• **What is expected**
Reproduce the listing below from the line with "Features: A sleek" to the line with "At Age 19, Karen", both lines included, character for character, minus any pictures.

• **Data**
+ + +

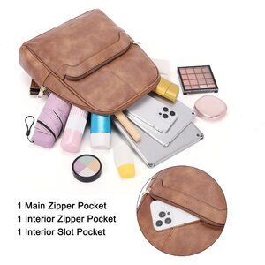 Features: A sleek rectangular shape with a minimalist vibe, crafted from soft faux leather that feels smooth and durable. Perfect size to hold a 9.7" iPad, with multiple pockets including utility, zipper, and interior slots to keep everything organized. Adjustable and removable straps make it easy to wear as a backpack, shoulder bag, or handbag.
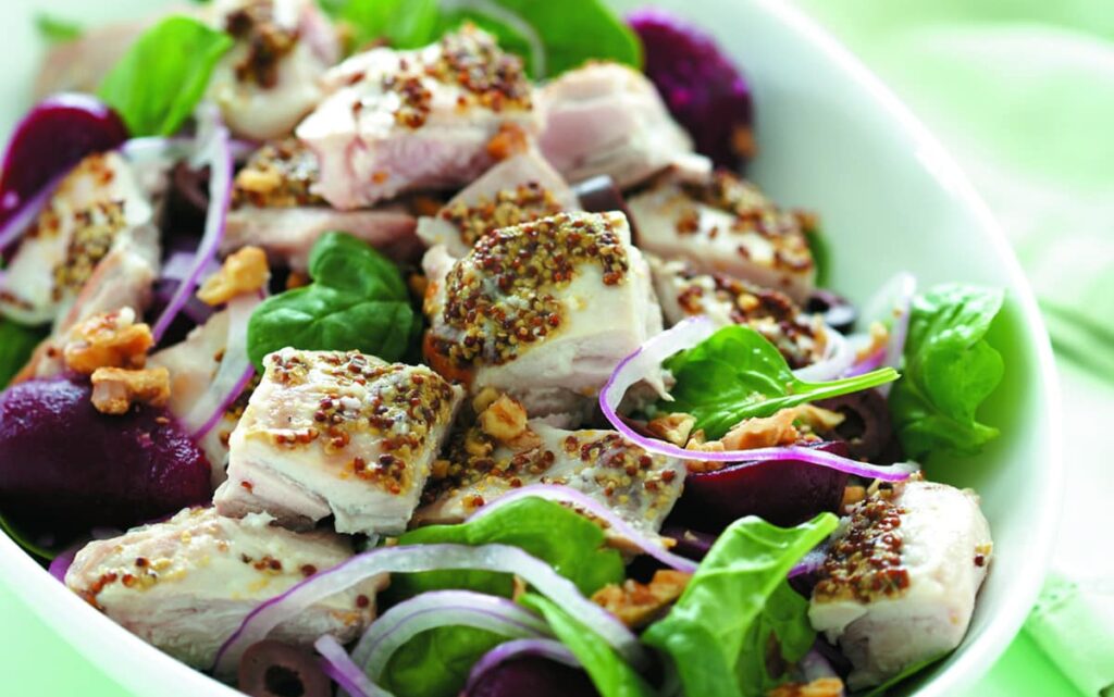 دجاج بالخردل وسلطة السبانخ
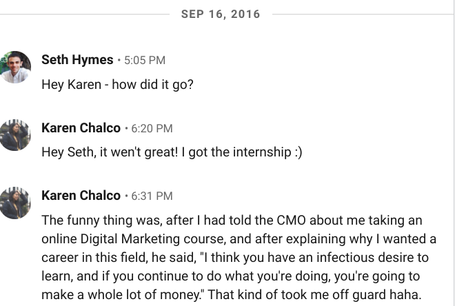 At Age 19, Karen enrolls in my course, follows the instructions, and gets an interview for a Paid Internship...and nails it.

+ + +

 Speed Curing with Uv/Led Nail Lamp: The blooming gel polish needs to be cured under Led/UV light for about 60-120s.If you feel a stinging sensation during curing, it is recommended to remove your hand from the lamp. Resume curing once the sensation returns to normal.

+ + +

• **Task response**
 Features: A sleek rectangular shape with a minimalist vibe, crafted from soft faux leather that feels smooth and durable. Perfect size to hold a 9.7" iPad, with multiple pockets including utility, zipper, and interior slots to keep everything organized. Adjustable and removable straps make it easy to wear as a backpack, shoulder bag, or handbag.
 دجاج بالخردل وسلطة السبانخ
 At Age 19, Karen enrolls in my course, follows the instructions, and gets an interview for a Paid Internship...and nails it.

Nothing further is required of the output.